Our house is still a few years away from how we'd be totally happy with it, but it's strange living in a much bigger house. More rooms when you're as forgetful as me is, if nothing else, extra exercise. The garden, not so much because we've always had reasonably large back gardens, but even the new one is considerably bigger than our last place. It is also well established, had well-documented drainage problems, and we're still finding as much fuck-wittedness from the previous owners outside as we have inside.

We have pleasant neighbours - on both sides now - and we're on speaking terms with all three families that back onto our garden. I still think the BT exchange building, directly in front of the house is the worst thing about living here, but I can prance naked in front of an un-curtained window with no chance of anything human seeing me outside of working hours, so it has its plus points. I'm doing a regular pub quiz at my local bar and that is proving to be quite popular and the wife is volunteering for stuff while simultaneously looking for what few jobs she can even apply for.

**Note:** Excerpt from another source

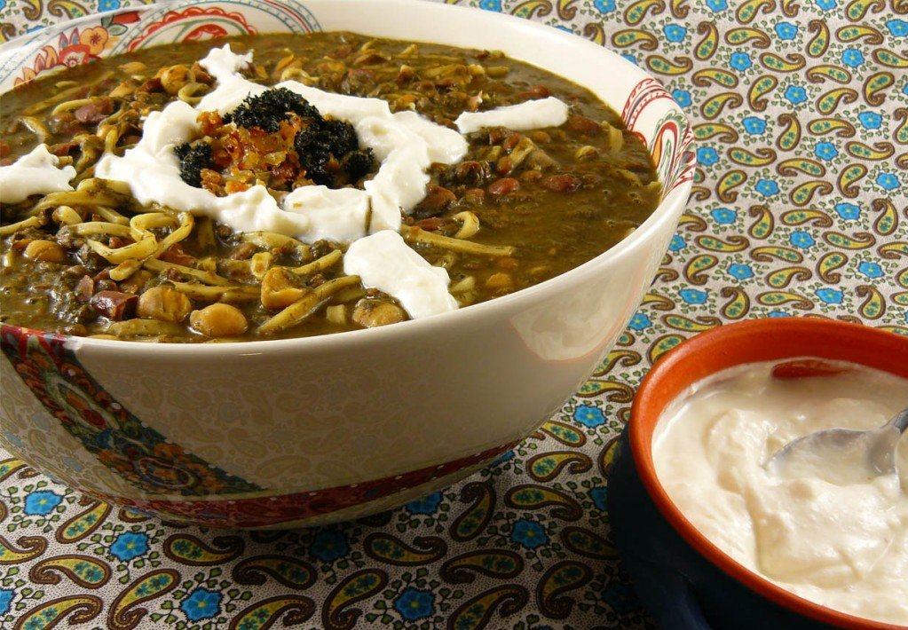 Ash Reshteh is a thick vegetable and noodle soup which is traditionally prepared to welcome the Persian New Year and noodles are believed to bring good fortune for the following year. There are many different kinds of Ash in Iran but Ash Reshteh is the most famous and popular one among all. It is mostly served with whey and sometimes with vinegar.

We do a weekly pub quiz at the Bruce Hotel - the place we stayed in the weekend we first looked at this house - and Taken Up the Merrick is as successful as Squonk! was in Northampton, but wins considerably less money. In fact, we've integrated quite well and my brother-in-law's concern - "How long before you fall out with everybody?" - hasn't come to fruition. I've fallen out with a psycho from London, because she's a psycho and I occasionally wonder if I'm a bit too 'Phil' for some people at times, but I also moved here to be myself and to not feel as though life is a competition or a contest of some kind and Marmite and all that.

We've rediscovered the art of getting drunk. I believe I have regressed to a stage ill-befitting of my stature and age, but I give zero fucks. We've had new potatoes, beetroot and lettuces from the garden; alpine strawberries grow all over our garden and the old boy's knot weed no longer seems as apocalyptic as it did. Urgency has disappeared; roadworks don't irritate and there's no school runs or background noise. The truth is after 12 months there is very little I would change and very few things I would tweak.

There are many things that make me laugh and smile and that's good because I want to be as happy as I can for the rest of my life and by coming here I did something about it...

Come up and see us sometime; you can lose yourself and everyone else very easily.